After the Brussels event, focused on how to engage citizens to the European institutions, and the Rome event about the future of the contents, citizenship, values and transparency in the institutions, the third and last appointment of the International Communication Summit that was held at Milan on November 28th, gave space to a debate, at times very animated, about the new languages of communication and about sharing contents over the digital media.
The pressing rhythm of the event rises with Ben Hammersley’s intervention, one of the leading academics in the world about the effects of the new media over culture, politics and society:
“This is the era of the continuous review. People share online thoughts about everything, and those thoughts may have the same “weight” of a comment made by a professional journalist. We then become used to believe that our thoughts are important, and this explains the birth of protesting movements such as Occupy. The institutions are still having a hard time understanding this evolution. If they were to oppose resistance to this dialogue, to the transparency request, they are destined to fall, and it will not be a nice view. They instead must embrace and kiss the citizens, and do it well, because no one accepts the contact of one who does not know how to hug us”.
Andrew Keen, among the most famous and controversial Internet gurus, who calls himself the Silicon Valley’s Antichrist, does not exactly agrees and answers:
“Transparency! This word has been emptied out of its meaning. It is an obsession, nominated by everyone. The Irony is that, do you know which are the Silicon Valley’s companies that talk about it the most? The ones reluctant to reveal their secrets, which are Facebook and Google.

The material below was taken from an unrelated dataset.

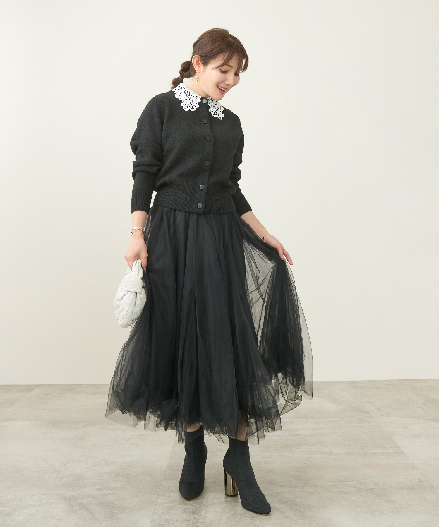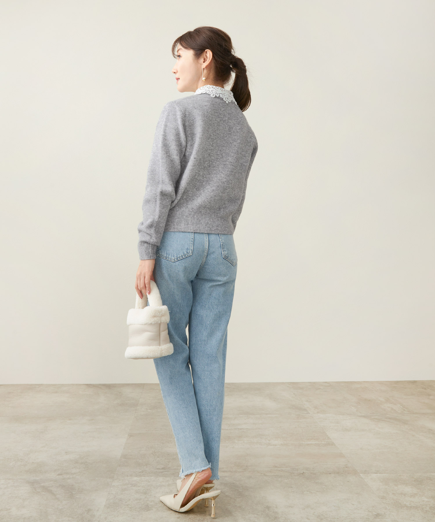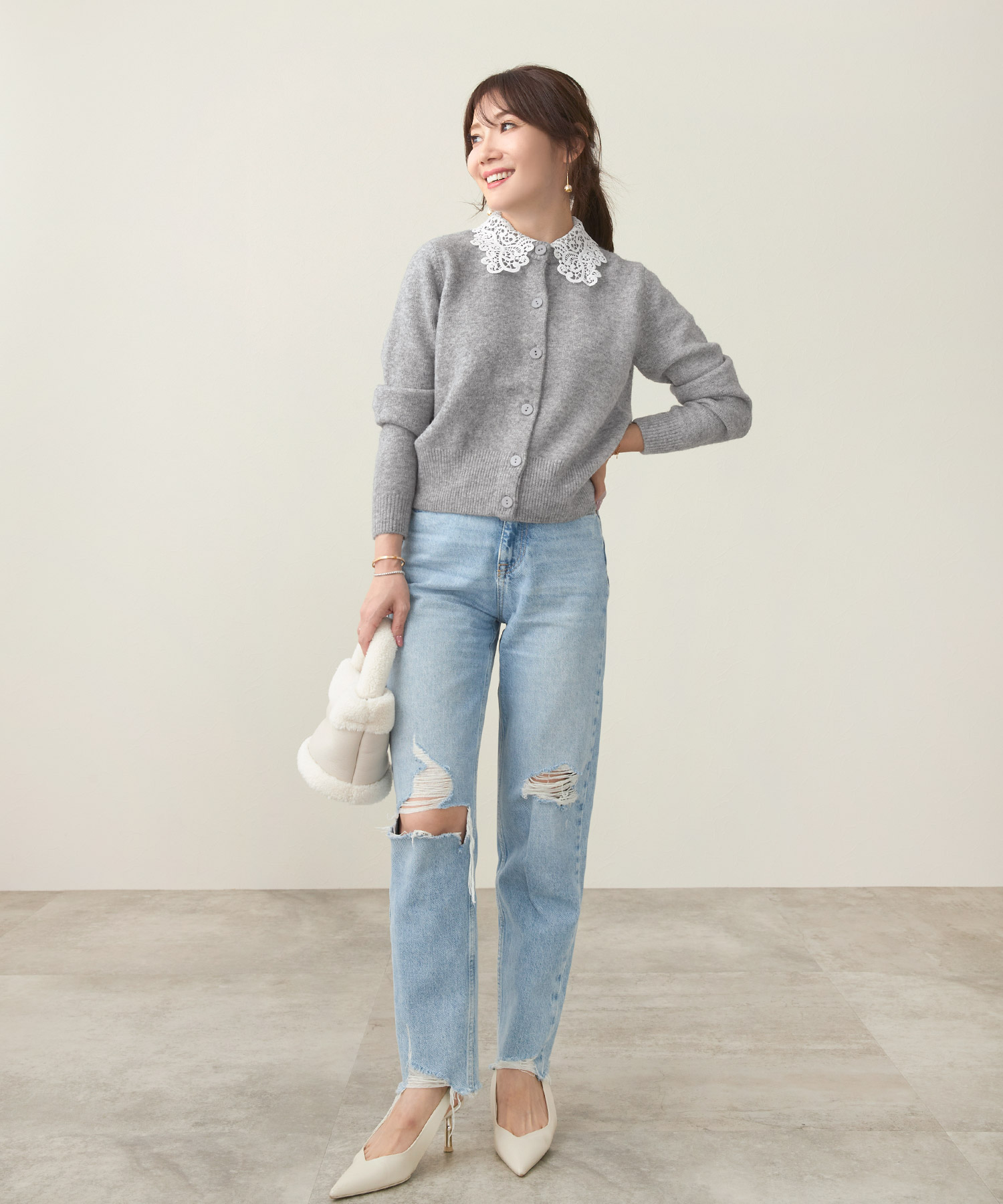 ウール混のふわりとした毛足が特徴のカーディガンは、寒さが残る春先にも最適です。取り外し可能なレース襟が華やかさを加え、女子会やレストランディナーなどの特別なシーンで、格上げされた印象を演出します。サテン地のサロペットやワンピースの上に肩掛けすると、さらにエレガントなスタイルに。デニムと合わせて甘辛ミックスを楽しむのもおすすめです。自宅で手洗い可能なため、気軽に着回しできる点も嬉しいポイント。多彩なシーンで活躍する、エレガントなカーディガンです。

The institutions are in crisis because Internet is making us used to be at the centre of an enormous client service where we all criticize but take no responsibility. What came out from the Occupy movement? Nothing. And from the Arabian Spring? A series of civil wars! Internet is telling us a big lie: that we are in the centre of the world and that there must be intimacy between us and institutions, all lies that are mining democracy. In the kiss between institutions and citizens that was talked about, the real challenge is to reject it! Talking about transparency, also in Italy there is an example to mention...Beppe Grillo, who has arrived where he is thanks to the transparency ideology, using this concept for his political interests, but does not implements it, he is not really transparent, he is the Google of the Italian politics”.
The debate launches some interesting ideas and the audience is interested. Franco Pomilio, the ICS Chairman explains the spirit of the initiative:
“What we are trying to develop with ICS is a new theory of the “citizen consumer” that goes beyond the American marketing theories and embraces a new idea of transparency, a big issue for the world and extremely interesting especially for the European culture, just as it is the relation institution-citizen. We choose to analyse in depth these subjects at the cultural laboratory of ICS, and also through international art contests such as the Blumm Prize from Brussels, because artists usually interpret reality and anticipate it”.
The moderator of the event, Guido Romeo, Data&Business editor from Wired, brought back the debate to the original theme:
“We are living a crucial moment, where networks play a very important role. We must take sides and choose if we are for-kiss or against-kiss”.
Maria Teresa Brassiolo, President of Transparency International Italy, ICS partner, brings back the transparency subject:
“It is not easy, for really qualified people to find space on newspapers for explaining how things really are, and it is not easy to let know that in the public field there are many great people who want to better the institutions”.
Nevertheless, regarding the theme of transparency, according to Brassiolo, Italy seems to have made a step ahead:
“This last law about corruption for the first time is not a lost occasion. There are many positive aspects".
For Transparency International Italy, ICS Local is also the occasion to present in preview the awareness campaign #Svegliati (Wakeup, Ed.), introduced by the project officer Davide Del Monte, with a preoccupying issue, the one about functional illiteracy that in Italy is among the highest in the world:
“Many have trouble understanding the real meaning of the facts. With this commercial we want to make people aware of the consequences that corruption may have in our everyday lives”.
Alessandra Scaglione, Chief Editor of Radio 24, referring to her last book that talks about public administration, explains that there is a true desire from the public officials side to communicate with the people but that this is not always easy because of two reasons:
“The habit of not being clear, of using an old bureaucratic language, but it is also the media’s fault, which frequently because of laziness, keeps on bringing up the concept that in the public things are not getting done, that no one works. The solution may be found by the public officers, who may go beyond the research of approval by the electors typical of politics”.
Federica Burini from the University of Bergamo, partner of the event, further widened the future outlook of the conference by talking about her research on the Cartographic collaborative systems of the web 2.0 in the urban European field.